Prisoner (Criminals & Captives #1)(26)



“When you pushed my face into the ground, you mean?” I bite out. I actually don’t think he hurt my face at all. I think it was from when I crashed through the bramble, but he seems concerned for my welfare in that f*cked-up way of his, so I let him think it.

I’ll take any morsel of sympathy I can get.





Chapter Sixteen




Grayson


Ms. Winslow is nothing but trouble. If Stone were here, he’d drop her without a thought. He’s always been more comfortable with killing than I have. I mean that with respect. He didn’t hesitate to slash throats and gouge eyes when he had the chance, and it’s because of his physical brilliance and love for violence that we got out of that hellhole alive.

Here I am with a cop bound, blindfolded, and gagged. And little Ms. Winslow looking at me with her big doe eyes. She looks…wounded. Betrayed. Shocked that I might be a bad guy after all.

Well, nice to meet you too.

“Let’s go.”

“But what about…” She glances back at the cop.

Doesn’t she know the cop would give her up in a second if it meant catching me? She’s nothing to him. A pawn.

“What?” I go over and press the gun lightly to the cop’s temple. “Should I do it?” The cop jerks his head, pointing his face upward the way blindfolded guys always seem to do. Like if they look upward, they might suddenly see through the blindfold. I never understood that.

Her lower lip trembles. Is she going to cry? It’s going to sting her cheek. Why should I care? I shouldn’t, I shouldn’t, but my stomach clenches when the tear falls over the smooth skin and splashes into the bloody streak. Like an idiot I go to her and brush my thumb over the cut, knowing the salt and grime will hurt her too. She flinches but doesn’t move away.

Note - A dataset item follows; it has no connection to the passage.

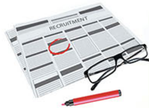
Local Recruitment Exercise - Job Posting & Candidates' CVs-

Employer will need to provide additional documents if the Company didn't receive any Employment Visa Approval in the last 18 months

Pain is a funny thing. We fight so hard to avoid it, almost more than death. But it’s the only thing that binds us. Going through pain together and coming out on the other side is the only form of friendship I’ve ever known.

And strangely, I want to have that with her. In a way I feel like we do. The class. The pepper-spray episode. A little hate, a little hell.

“Should I shoot him?” My voice has dropped to a whisper. “Should we get rid of him?”

She shakes her head, hard, dislodging more tears. “Don’t. Don’t.”

It makes me want to do it more. Maybe we’d be more connected if we went through a little more hell together. Sometimes when you’re made of ice, fire is all you feel. My finger tightens on the trigger. At least then I’d have done what they locked me up for.

Ms. Winslow wraps her arms around herself. “They’ll kill you!” The words sound torn from her. “They won’t just put you back in jail. They’ll put you on death row.”

Her words get me. It’s sympathy. Maybe even some kind of warped affection.

I know what to do with the fist and the knife. I know what to do with pain and hate. I know what to do with a woman, how to run the tender, caring act just long enough to get my rocks off.

I don’t know what to do with Ms. Winslow.

“Let’s go,” I repeat, gruff this time. Aren’t we a pair? Both of us determined to save the other, even though it might kill us in the end.

A grunt comes from the cop.

I spare him a glance. His mouth is stuffed full of fabric; his hands are cuffed. Stone would probably taunt him.

“Save your energy,” I say softly. “Don’t fight it. That makes it worse. Wait for your chance.”

Of course he doesn’t listen. He strains his muscles, fighting so hard the leaves shiver above him. A vein pulses in his forehead.

“Don’t struggle,” I snap, but he isn’t listening. They never listen.

“Let’s go!” I say again, and she obeys, turning in the direction I nod.

There’s enough light coming through the tall branches to tell me there’s an opening in this direction. I can’t risk going back to her car with the cop car there. I doubt there’s a partner sitting inside, waiting to hear back; state troopers work alone. But he would have called in his position before leaving the car. Backup is on the way. Probably not for at least thirty minutes, though.

Knowing police procedure has saved my ass more times than I can count.

We move through the forest at a swift pace despite the rocky landscape. Fallen trees and deadwood block our way. She stumbles sometimes, but I always catch her before she slips. She’s warm and soft in my grip. I force myself to let her go.

Why isn’t she running?

Obviously I’ll just catch her, but she has to know I won’t kill her now. I sure as hell know it. She’s mine to do what I want with, but that also means she’s mine to care for, to protect.

Lying on the ground with her, calming her, helping her breathe, that was one of the most powerful experiences of my life—powerful in a good way. The feeling is so huge inside me that it scares me. And then the way she broke apart underneath me, under my touch.

I catch a flash of red on her pale cheek at one point and I grab her wrist. Her brown eyes look up at me, dark pools in the dappled light.

“Did you get hurt?” I demand to know, even though she obviously did.

She shakes her head. “I’m fine.”

The blood dripping down her cheek calls her a liar and twists me in a knot. I want to say something comforting, but all I do is tighten my hold on her wrist. “You won’t get away if you run.”